<<<<

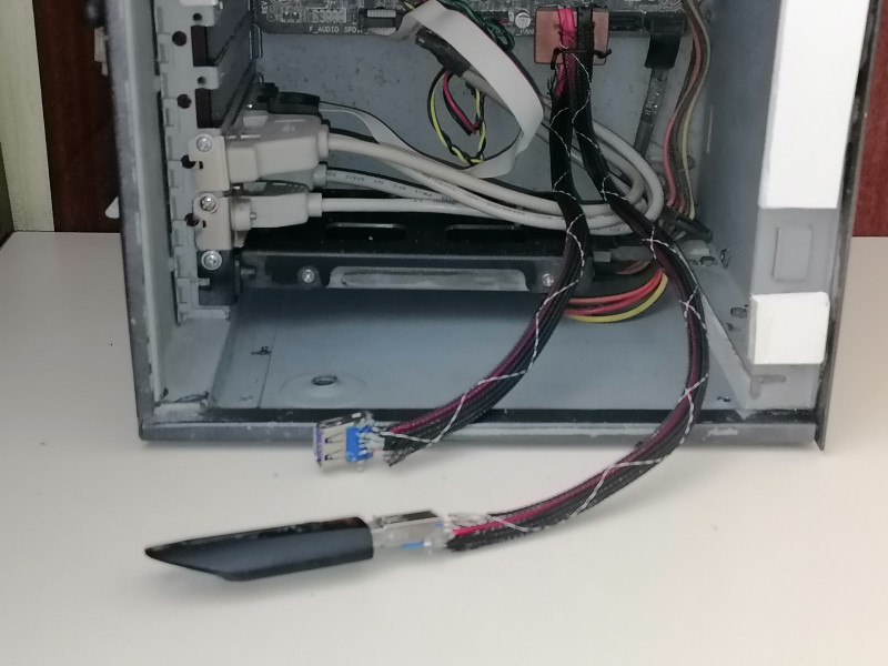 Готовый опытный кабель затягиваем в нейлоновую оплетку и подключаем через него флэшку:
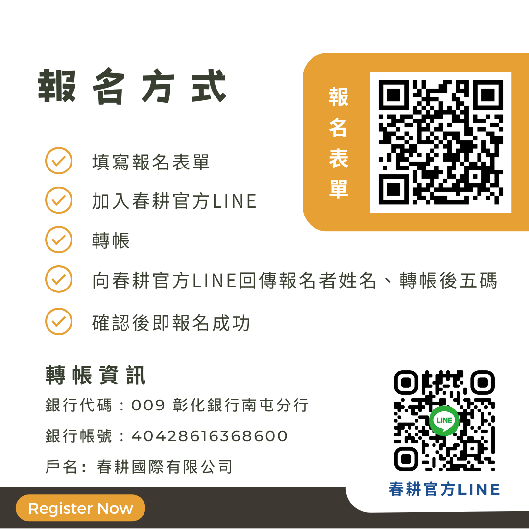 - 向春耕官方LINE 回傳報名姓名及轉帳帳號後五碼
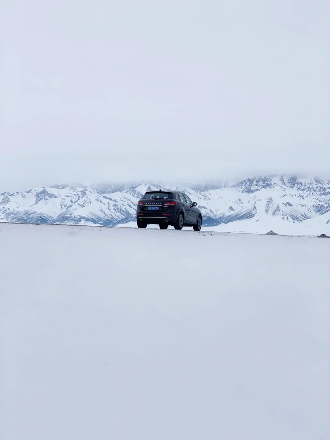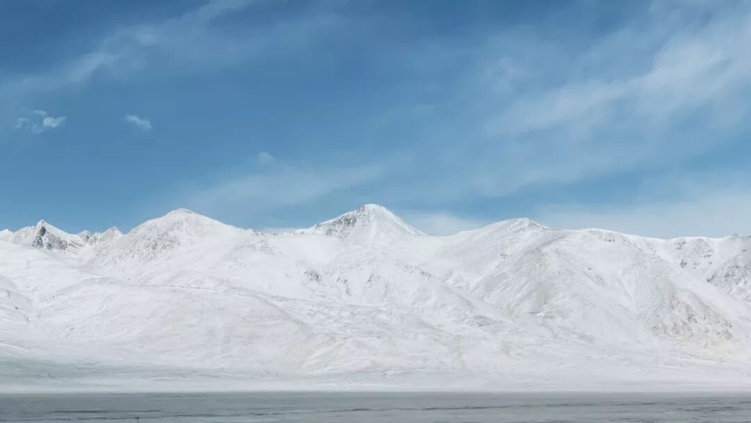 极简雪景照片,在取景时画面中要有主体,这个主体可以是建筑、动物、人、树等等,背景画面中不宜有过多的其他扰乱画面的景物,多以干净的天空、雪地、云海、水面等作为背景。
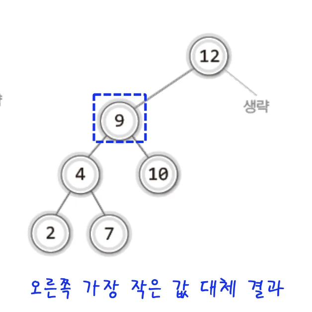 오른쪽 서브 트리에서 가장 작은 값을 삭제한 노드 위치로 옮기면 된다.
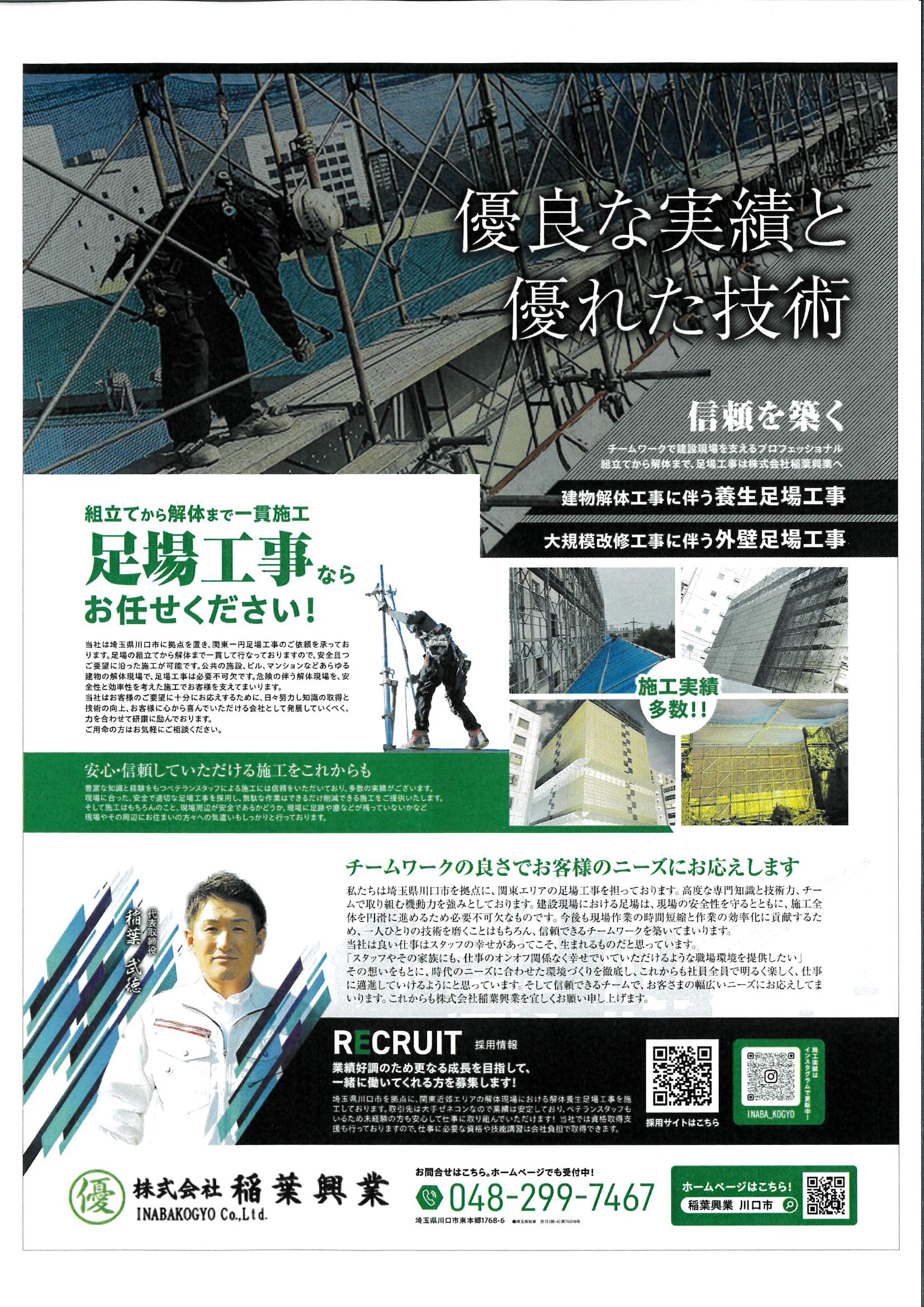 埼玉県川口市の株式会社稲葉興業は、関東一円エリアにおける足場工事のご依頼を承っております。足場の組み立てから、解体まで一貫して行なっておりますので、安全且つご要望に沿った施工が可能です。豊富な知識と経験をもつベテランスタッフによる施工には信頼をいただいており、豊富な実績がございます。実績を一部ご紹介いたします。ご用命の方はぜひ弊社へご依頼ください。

>>>>
<<<<

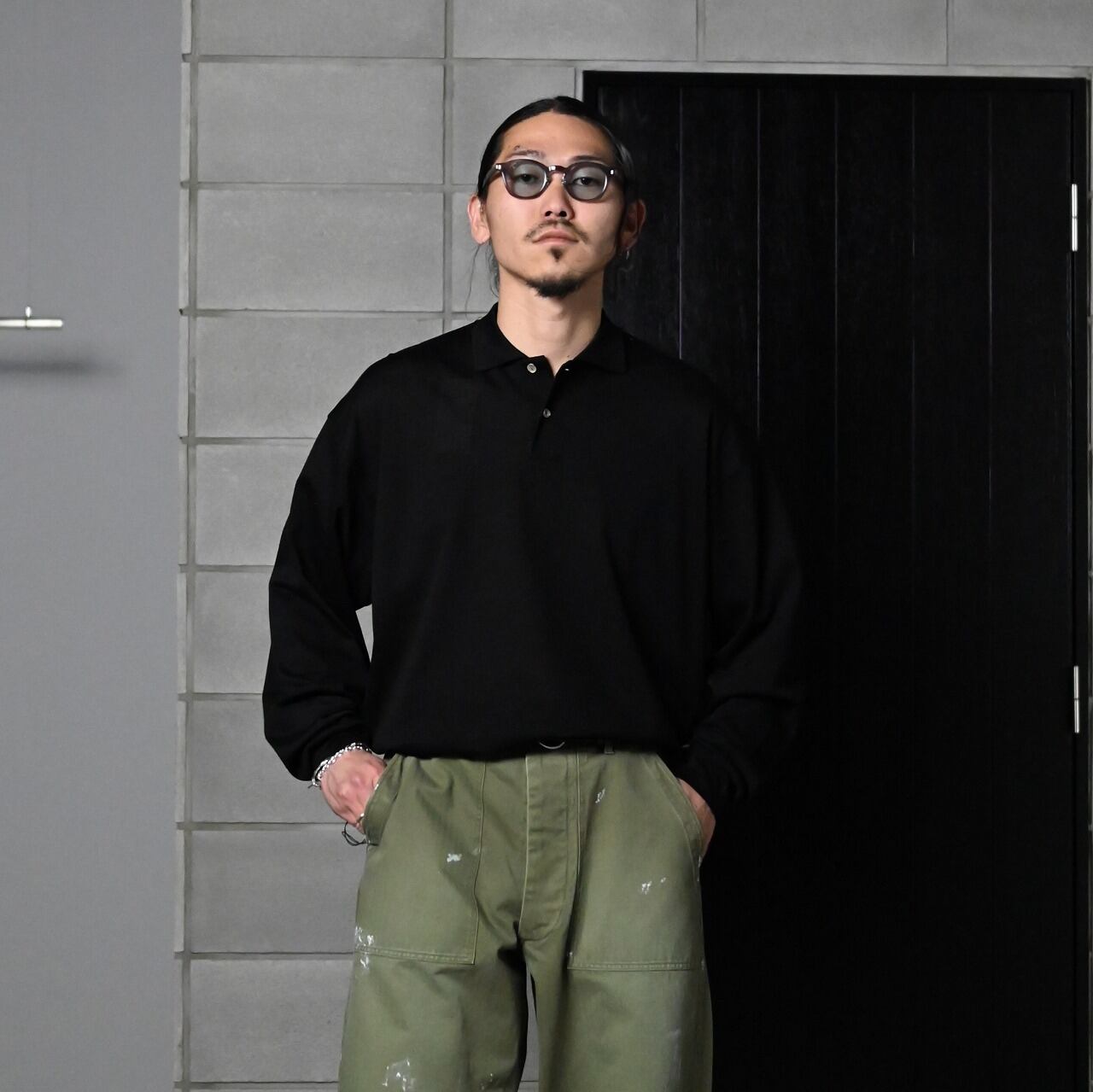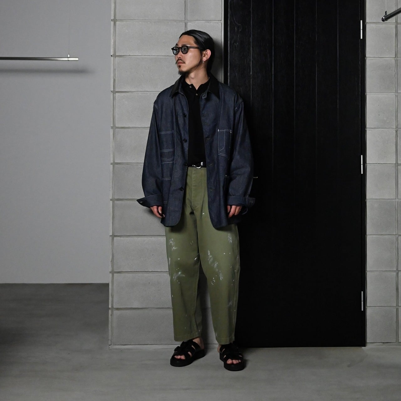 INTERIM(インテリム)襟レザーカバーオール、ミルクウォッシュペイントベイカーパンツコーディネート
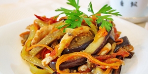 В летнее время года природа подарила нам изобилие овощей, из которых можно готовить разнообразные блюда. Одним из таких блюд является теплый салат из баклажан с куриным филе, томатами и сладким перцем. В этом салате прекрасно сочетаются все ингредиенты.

>>>>

Work to complete: In the listing above, find the line with "Готовый опытный кабель" and the line with "오른쪽 서브 트리에서 가장 작은 값을 삭제한 노드 위치로 옮기면 된다.". Transcribe those two and everything between, exactly, leaving out pictures.

Result for this task:
 Готовый опытный кабель затягиваем в нейлоновую оплетку и подключаем через него флэшку:
 - 向春耕官方LINE 回傳報名姓名及轉帳帳號後五碼
 极简雪景照片,在取景时画面中要有主体,这个主体可以是建筑、动物、人、树等等,背景画面中不宜有过多的其他扰乱画面的景物,多以干净的天空、雪地、云海、水面等作为背景。
 오른쪽 서브 트리에서 가장 작은 값을 삭제한 노드 위치로 옮기면 된다.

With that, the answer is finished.